The recipient calls it a great Christmas.
Whatever it’s called, on Dec. 18 Kettering City Schools teacher Christine Fine donated one of her kidneys to Kettering schools technology specialist Toby Boedecker.
Boedecker has a stage-five kidney disease.
“I think when it’s all said and done, I’ll be a better person for this,” said Boedecker, of Bellbrook.
Boedecker was diagnosed with stage three kidney disease five years ago. One kidney had failed and one was working at 50 percent, said Boedecker. He was on nightly dialysis at home.
Four possible donors came forward, but after extensive testing, none matched, said the father of three.
Then Fine transferred within Kettering schools to the same building where they met when he set up her computer in August.
It was an ideal match because Fine already felt for two years she had a calling from God to be a living donor.
“When I came here and met Mr. Boedecker, I felt this was the reason I had the calling,” Fine said, who teaches English in an alternative program.
Months of testing determined Fine was an anatomical match, said Fine.
Living donor kidney transplant surgery has a 98 percent success rate, said Dr. Thav Thambi-Pallai, Fine’s surgeon.

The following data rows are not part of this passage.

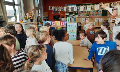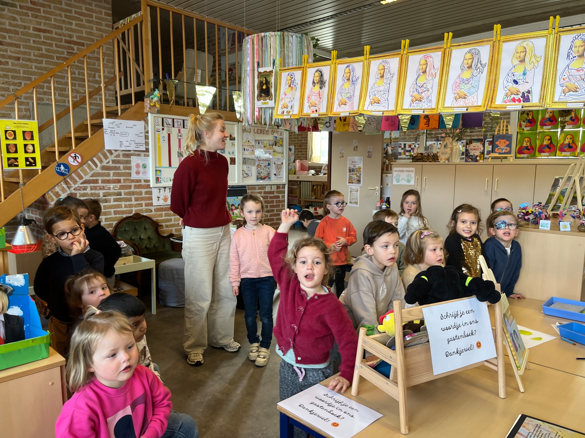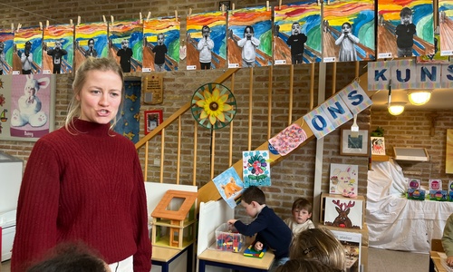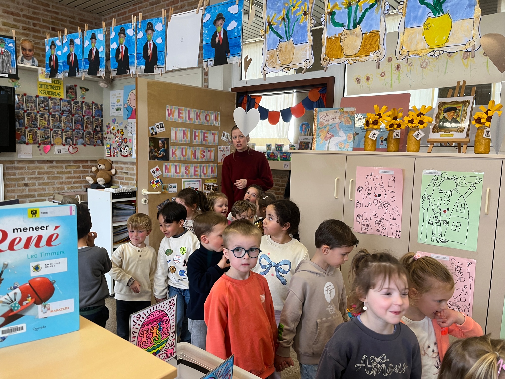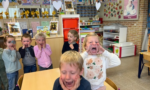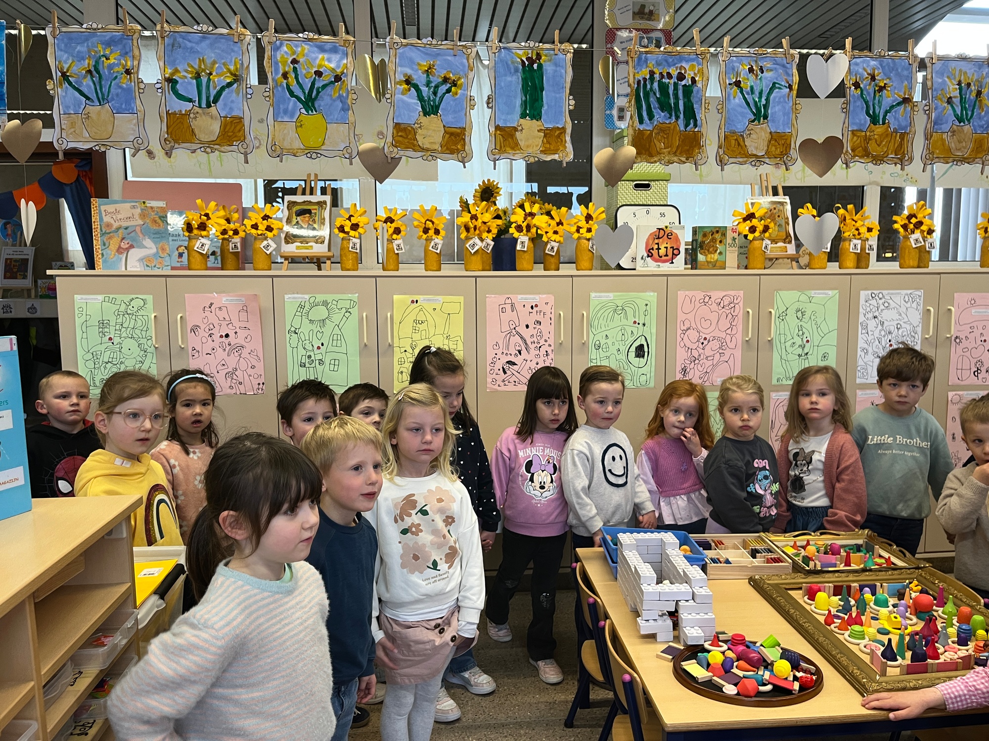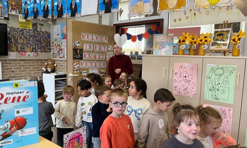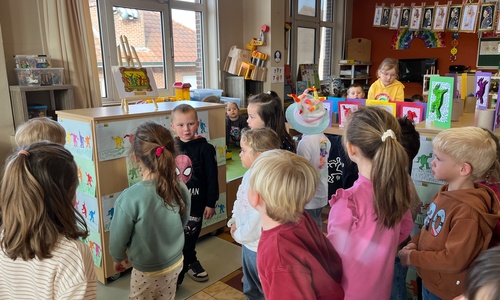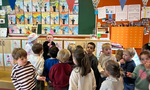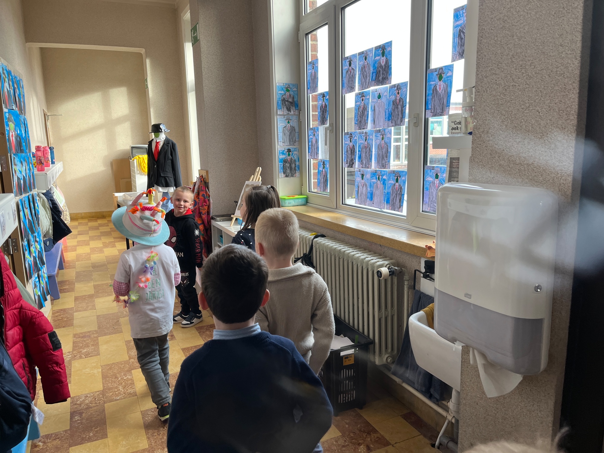2KA: DE KUNSTENAARS VAN DE TWEEDE KLEUTERKLAS GINGEN OOK EENS BIJ ELKAAR OP BEZOEK.
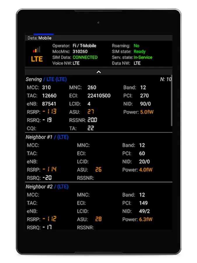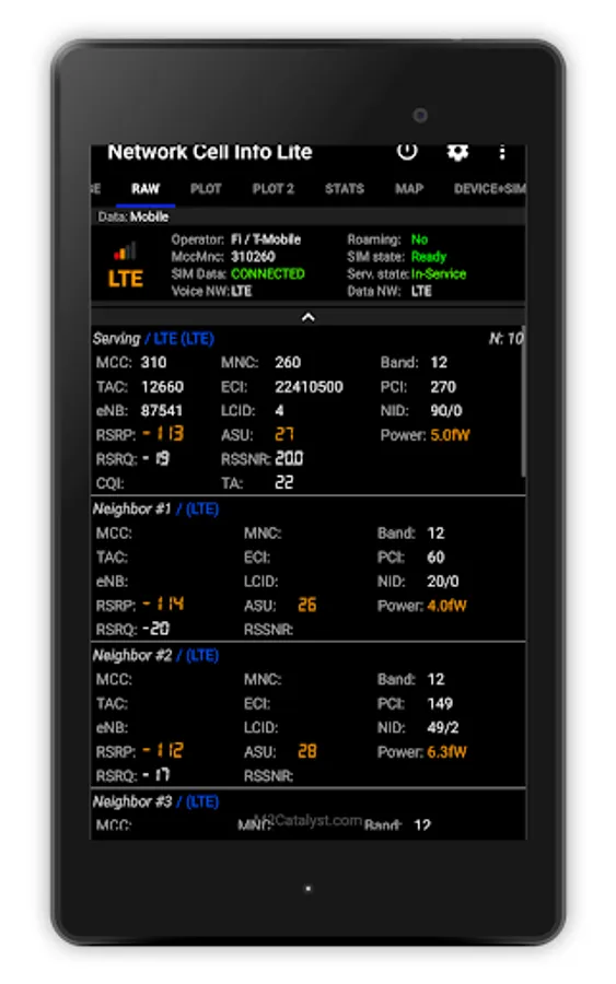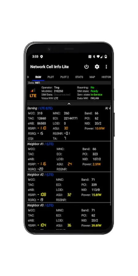 Network Cell Info Lite is an extensive mobile network and Wi-Fi monitoring app with measurement and diagnostic tools (5G, LTE+, LTE, CDMA, WCDMA, GSM). Network Cell Info can help troubleshoot your reception and connectivity problems while keeping you in the know about your local cellular coverage.
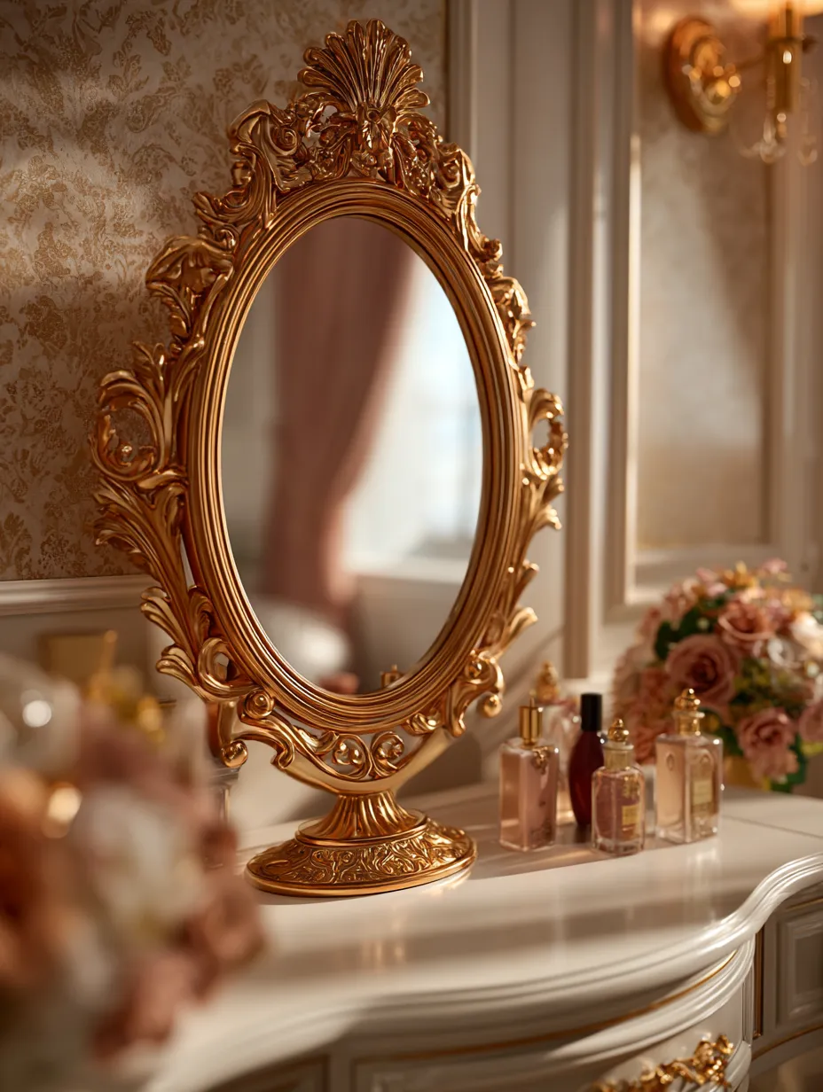 An ornate framed mirror above your vanity can transform your daily routine into a luxurious experience. It adds personality and can be the crowning jewel of your dressing area or bathroom. 🖼️

Thambi-Pallai said of the 100,000 Americans on the wait list for organ donation, a little more than 80,000 are waiting for kidneys, with about 3,000 in Ohio.
Because Boedecker has a living donor, the organ will live twice as long, as much as 15 years on average, said their doctor.
Boedecker will be in cardiac intensive care two to three days and then in regular post surgery five to seven days.
He, his wife Kim and family celebrated Christmas already. Fine will be home to celebrate Christmas with her husband Michael and their six kids in Bellbrook.